Su “Il DUBBIO” di domenica 19 maggio leggiamo “”Tortora il vergognoso abbaglio. In carcere senza prove eppure poi nessuno ha pagato.. Il 18 maggio di trentun anni fa: quel giorno agenzie di stampa, e poi i notiziari radio- televisivi annunciano che Enzo Tortora è morto; il tumore che lo tormenta e lo fa soffrire da mesi, alla fine ha vinto. Fa in tempo, Enzo, a vedersi riconosciuta l’innocenza da anni proclamata: un anno prima la Corte di Cassazione lo ha assolto definitivamente dall’infamante accusa di essere un “cinico mercante di morte”, uno spacciatore di droga, affiliato alla Camorra di Raffaele Cutolo. Si aggrappa alla vita con le unghie e i denti, per poter vedere quel verdetto. Poi arriva lo schianto. “Mi hanno fatto scoppiare una bomba dentro”, dice a proposito di quel tumore, e della vicenda che lo vede vittima- protagonista.
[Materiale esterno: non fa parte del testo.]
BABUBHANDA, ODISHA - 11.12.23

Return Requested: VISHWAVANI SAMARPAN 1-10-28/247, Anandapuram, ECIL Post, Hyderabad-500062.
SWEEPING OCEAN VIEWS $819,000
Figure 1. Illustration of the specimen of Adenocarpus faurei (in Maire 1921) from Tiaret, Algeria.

Nel corso della requisitoria del primo processo, il Pubblico Ministero sillaba: “Ma lo sapete voi che più si cercavano le prove della sua innocenza, più si trovavano quelle della sua colpevolezza?”.
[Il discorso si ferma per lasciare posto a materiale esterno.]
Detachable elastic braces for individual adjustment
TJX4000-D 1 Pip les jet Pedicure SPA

Chissà che ricerche. Lo stesso Pubblico Ministero, tanti anni dopo, ammette l’errore. Che non può essere liquidato come “errore”, come “abbaglio”. Troppo semplice, troppo facile; perfino consolatorio definirlo un “errore”, un “abbaglio”. In realtà, fin da subito, contro Enzo non c’era nulla; e quel nulla era talmente visibile che anche un cieco lo avrebbe potuto vedere. Non si vide, perché non si volle vedere. Non si capì perché non si volle capire. Contro Tortora non c’era nulla. L’architrave dell’ipotesi accusatoria si regge sulla parola di due falsi pentiti: uno psicopatico, Giovanni Pandico; e Pasquale Barra detto, a ragione, ‘ o animale: in carcere uccide il gangster milanese Francis Turatello, lo sventra, ne addenta le viscere. Poi, a ruota, vengono un’altra ventina di sedicenti “pentiti”: tutti a raccontare balle, una più grande dell’altra, per poter beneficiare dei vantaggi concessi ai “pentiti”. Accuse che con fatica e infinita pazienza vengono smontate: la difesa di Tortora fa una vera e propria contro- inchiesta, che demolisce, letteralmente, l’inchiesta della Procura napoletana.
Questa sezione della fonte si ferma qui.